The crossover from February into March was a strange and annoying one for I-20 motorists in Villa Rica. Multiple tractor trailer crashes broke out in a four-day stretch, seemingly out of nowhere. The wrecks blocked lanes on either side of I-20 between Highway 61/Villa Rica (exit 24) and Highway 27 (exit 11). Most of the wrecks were on the eastbound side, just after Highway 113/Temple (exit 19). Why did trucks just start wrecking with such frequency here?
GDOT has been working long term in each direction in the area. Any construction zone is automatically more dangerous, as shoulders can be closed, lanes re-striped, or even lanes closed. Any ripple in the traffic continuum ups the chances of wrecks and delays. But this Carroll County work zone has been ongoing for a long time — why did these crashes suddenly break loose?
WSB Traffic Troopers called our 24-Hour Traffic Center to say that mud from the persistent construction zone washed onto the freeway and caused vehicles to lose control. When we received word of this, Ashley Frasca from our Traffic Team alerted GDOT officials, who responded promptly that they would investigate the problem. But the crashes continued for the next few days. I reached out to GDOT again this past week to see where things stood.
First, the project itself is to rehabilitate the concrete of the freeway. Crews are also upgrading the guardrails and guidewires and reconstructing the shoulders, GDOT said.
“The shoulder reconstruction includes widening these shoulders, not the roadway, by two feet, which requires some vegetation clearance,” GDOT spokesperson Natalie Dale said via email. “This component of the project may be the reason for the much-complained-about mud and debris in the work zone.”
The 12-mile stretch of projects began in October 2016 and any lane closures largely have taken place at night. However, a new fold in the project began right in the middle of when these wrecks took place.
“In addition, the contractor is currently working on shoulder reconstruction along three miles of I-20 eastbound between milepost 12 and milepost 15,” Dale explained. “The work began Friday, March 2nd. It required a single lane closure. This lane closure limited the eastbound traffic to one lane.”
That closure caused a big jam on I-20/eastbound before Highway 27 (exit 11). During PM drive that Friday, a big rig crash actually shut down I-20/eastbound a few miles east of the closure. This meant those coming toward Downtown Atlanta from Alabama got hit with big jams twice.

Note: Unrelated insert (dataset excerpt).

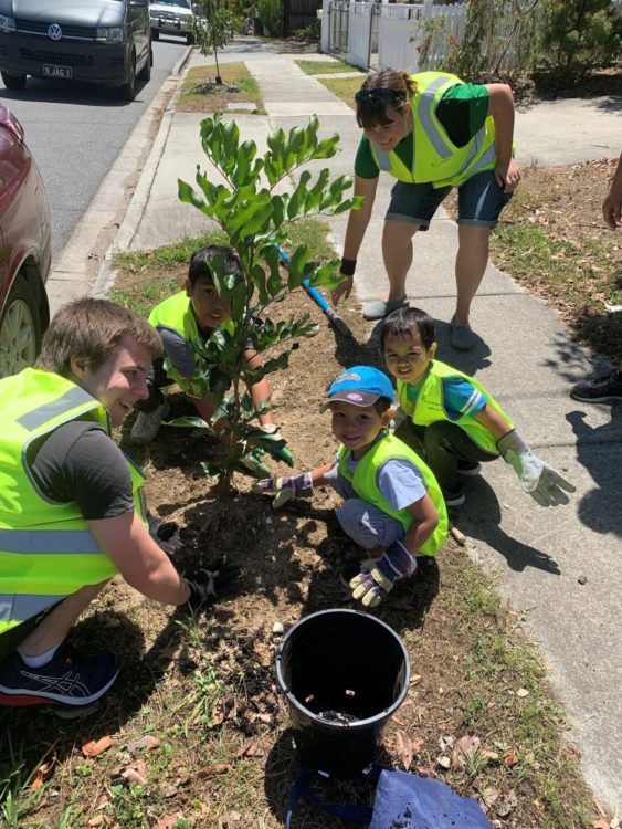 In total, 166 trees were planted on the day by 104 residents including children who signed on to help with the planting in the area. Several residents staying around for the entertainment put on by Green Heart who works to promote shading of urban areas with Brisbane City Council.

But why did these crashes suddenly break out at this time? Did something with the road work change? The new lane closure on I-20/eastbound began two days after our WSB Traffic Team started noticing these concurrent wrecks. Dale offered a differing view.
“In speaking with the district, there does not seem to be any more crashes than usual — likely just seemed worse due to the combination of crashes and the lane closure.”
This stretch of I-20 has far fewer crashes than the more populous parts of metro Atlanta. For this many to have happened so close together, something had to be different.
Atlanta got quite a bit of rain the Sunday before the wrecks (February 25th) and a strong storm system moved through on the Thursday during the crash-filled few days. The precipitation had to have made the mud worse. Two commuters I spoke to from that area said that the mud was indeed an issue and they tried to avoid that stretch all together, using Highway 78.
There lies the possibility that there technically was not an abnormal amount of wrecks on I-20 between Villa Rica and Temple between Wednesday, February 28th and Saturday, March 3rd. But the wrecks that did take place were much worse, involving big trucks, multiple lane blockages, and major delays. If the mud or the construction — or both — were the cause, then GDOT needs to work to make the area safer.
We have heard from commuters before about the nearly non-existent lane striping in the I-75 Cobb County work zone and issues with standing water on I-85 in north Gwinnett. Drivers struggle enough in perfect conditions, so standing flaws in construction zones need addressing. And drivers need to take note also and slow down when conditions are imperfect.